→ YOUR GOAL
Drop the pictures and repeat the remaining data exactly.

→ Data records
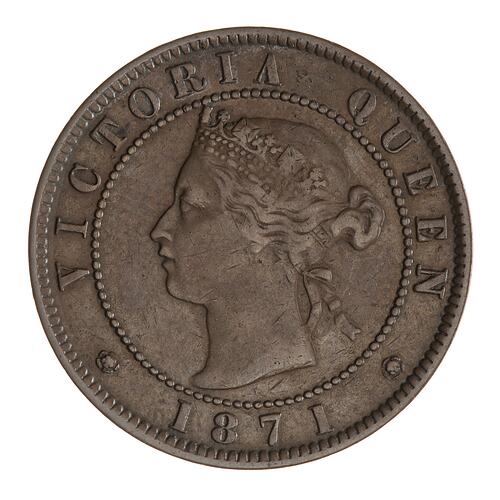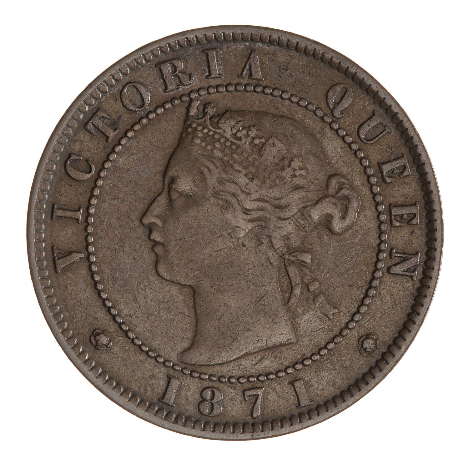 Within a beaded circle, diademed head of the Queen facing left; around, VICTORIA QUEEN 1871
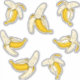 Etiquetas de bananas amarelas tropicais, com 6 autocolantes individuais por ordem
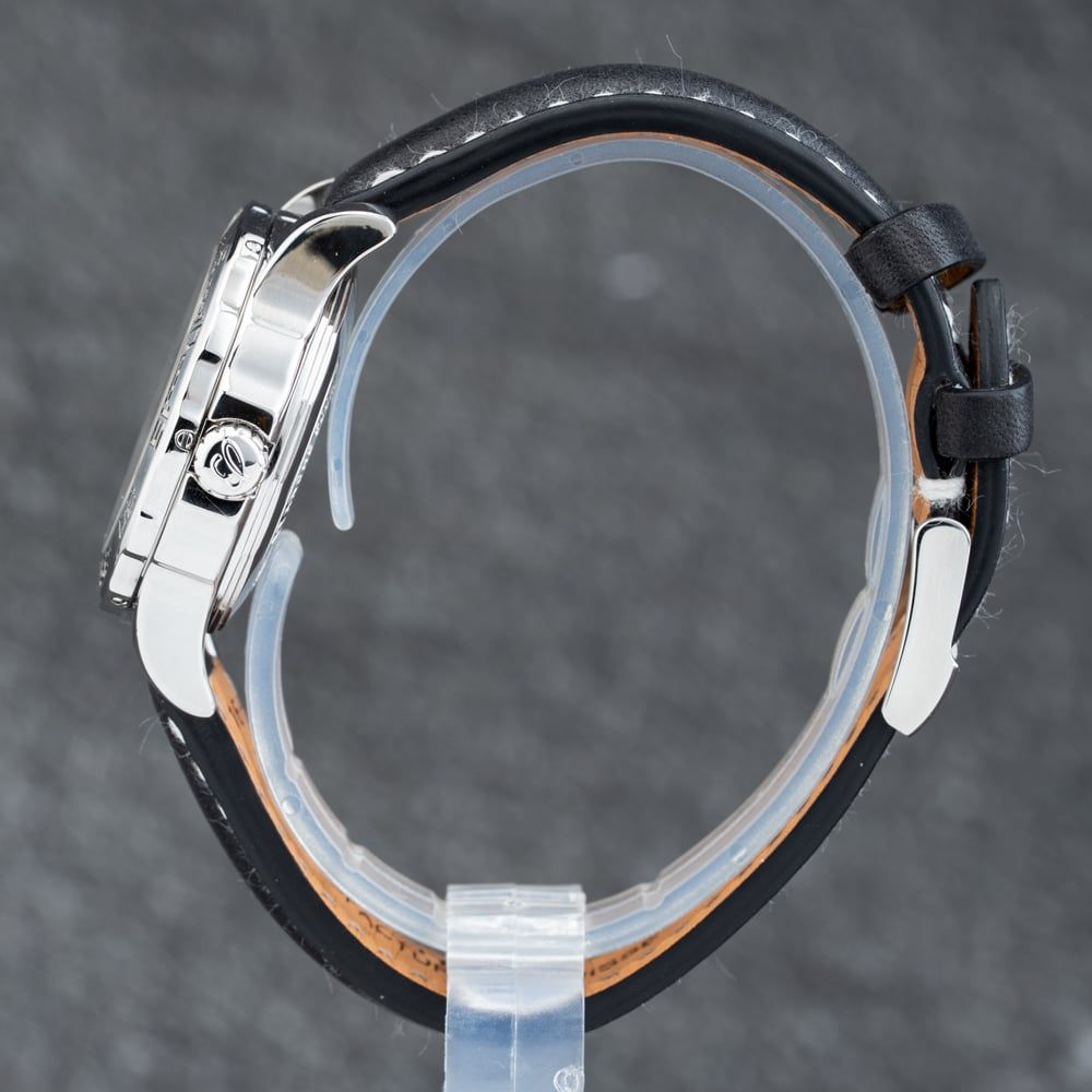 The Breitling Colt Watch combines a round shaped stainless steel case and black leather strap with a traditional buckle. The silver 33.0mm case measures 12.0mm thick and has a silver stainless steel uni-directional rotating bezel with a screwed in case back and a lug width of 16mm. The black analogue dial is protected beneath scratch resistant sapphire crystal glass and has arabic numerals & batons hour markers, as well as luminescent hands, and a date display. Power is generated by the chronometer certified quartz movement. The watch weighs 56.4 grams and has a water resistance of up to 500 metres.
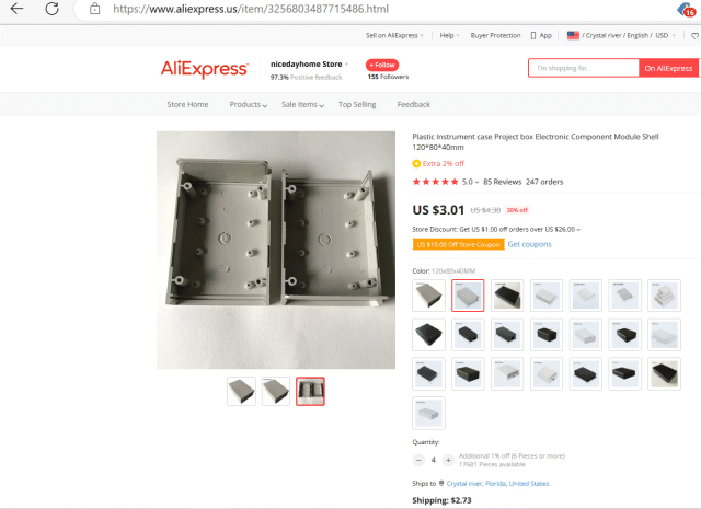 Here's a box, 120mm x 80mm x 40mm, which comes with removable end panels. PCBs of the size of those panels with the cutouts for the desired connectors could be produced. ![]() The boxes only cost $3.70 U.S. each with shipping if 4 are bought (I don't know if or at what point shipping costs would begin to rise). You could get both end panels off of a single JLCPCB design, so the end panels for 5 boxes would be about $6.40USD with shipping, giving a total cost of about $5 per box. The top would still need a cutout for an LCD--ILI9341 or ILI9488. With care that could be made with a jig and a side-cutting bit on a drill press. Long pin female headers could stand the LCD off the PCB through the top. 15-pin long pin female header PicoMite, Armmite F4, SensorKits, MMBasic Hardware, Games, etc. on FOTS |
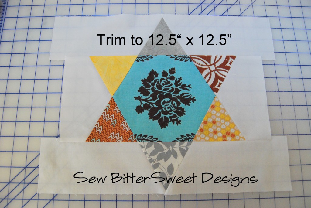 Trim the block down to 12.5” x 12.5”
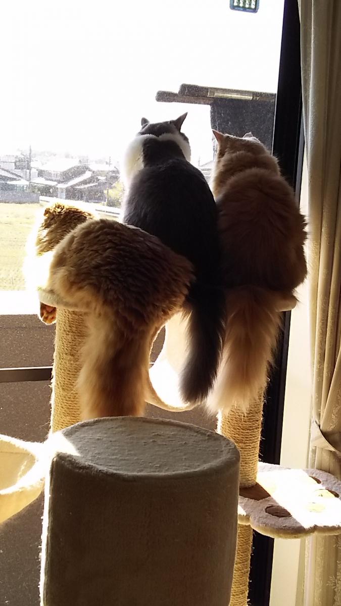 尻尾が3本並ぶ姿はほんとほっこりします😊
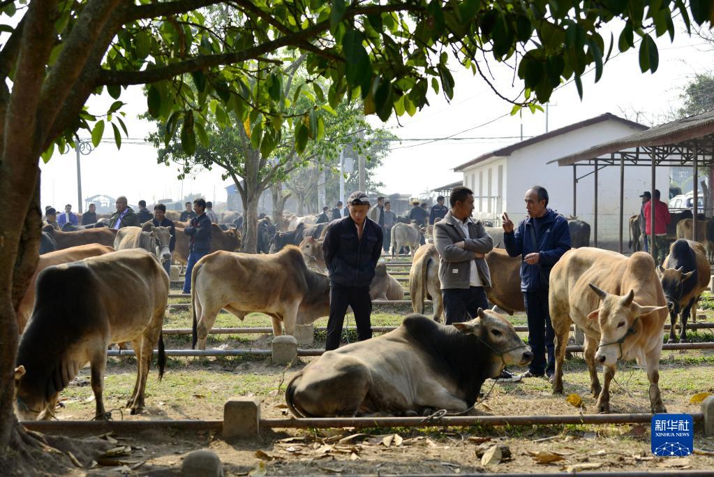 2月22日,人們在云南省西雙版納傣族自治州勐海縣勐遮鎮曼燕大牲畜交易市場交易。
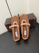 ALAIA BALLET FLATS IN COPPER BROWN MESH FISHNET
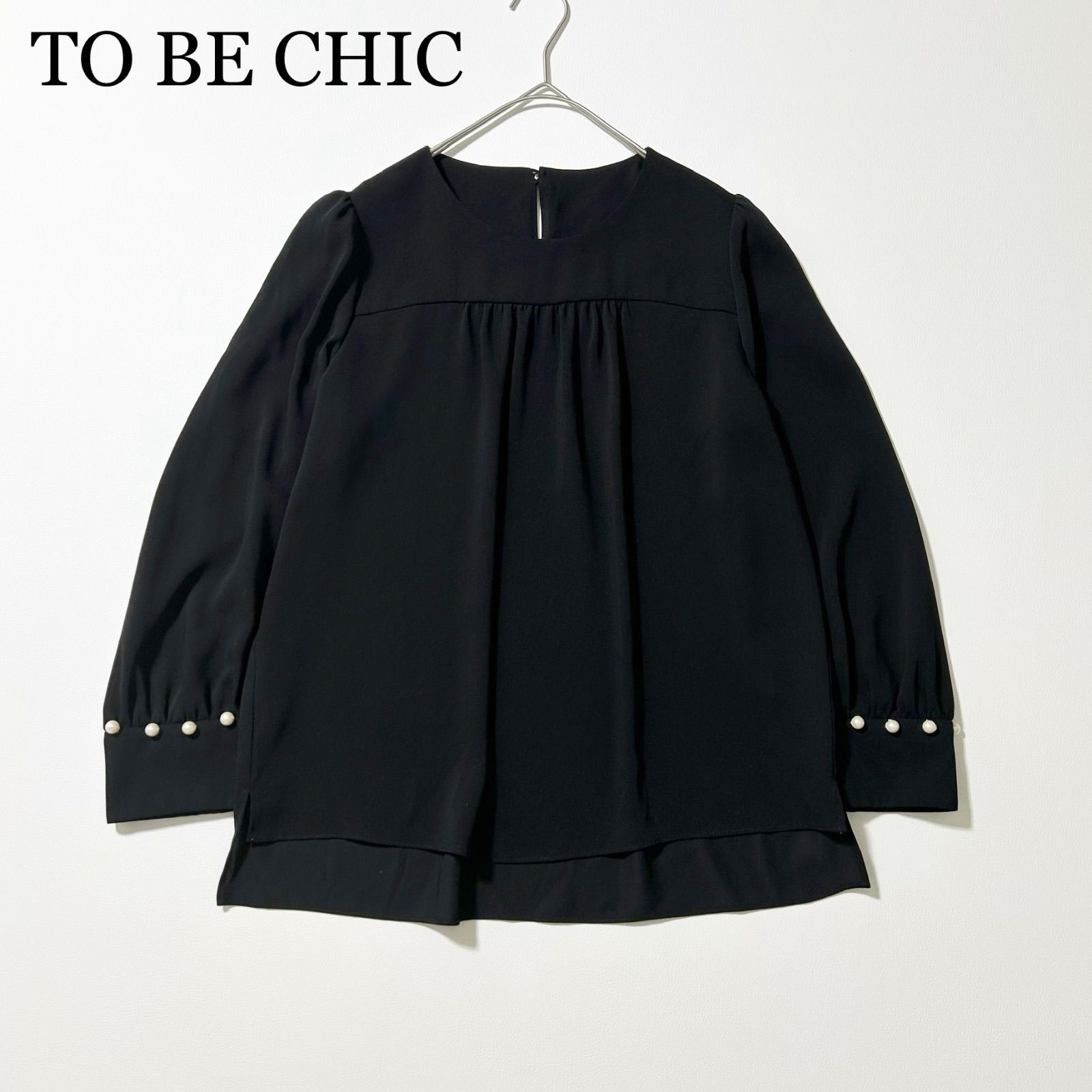 3469y美品 トゥービーシック パールギャザーブラウス 黒 L

→ ANSWER AREA
 Within a beaded circle, diademed head of the Queen facing left; around, VICTORIA QUEEN 1871
 Etiquetas de bananas amarelas tropicais, com 6 autocolantes individuais por ordem
 The Breitling Colt Watch combines a round shaped stainless steel case and black leather strap with a traditional buckle. The silver 33.0mm case measures 12.0mm thick and has a silver stainless steel uni-directional rotating bezel with a screwed in case back and a lug width of 16mm. The black analogue dial is protected beneath scratch resistant sapphire crystal glass and has arabic numerals & batons hour markers, as well as luminescent hands, and a date display. Power is generated by the chronometer certified quartz movement. The watch weighs 56.4 grams and has a water resistance of up to 500 metres.
 Here's a box, 120mm x 80mm x 40mm, which comes with removable end panels. PCBs of the size of those panels with the cutouts for the desired connectors could be produced. ![]() The boxes only cost $3.70 U.S. each with shipping if 4 are bought (I don't know if or at what point shipping costs would begin to rise). You could get both end panels off of a single JLCPCB design, so the end panels for 5 boxes would be about $6.40USD with shipping, giving a total cost of about $5 per box. The top would still need a cutout for an LCD--ILI9341 or ILI9488. With care that could be made with a jig and a side-cutting bit on a drill press. Long pin female headers could stand the LCD off the PCB through the top. 15-pin long pin female header PicoMite, Armmite F4, SensorKits, MMBasic Hardware, Games, etc. on FOTS |
 Trim the block down to 12.5” x 12.5”
 尻尾が3本並ぶ姿はほんとほっこりします😊
 2月22日,人們在云南省西雙版納傣族自治州勐海縣勐遮鎮曼燕大牲畜交易市場交易。
 ALAIA BALLET FLATS IN COPPER BROWN MESH FISHNET
 3469y美品 トゥービーシック パールギャザーブラウス 黒 L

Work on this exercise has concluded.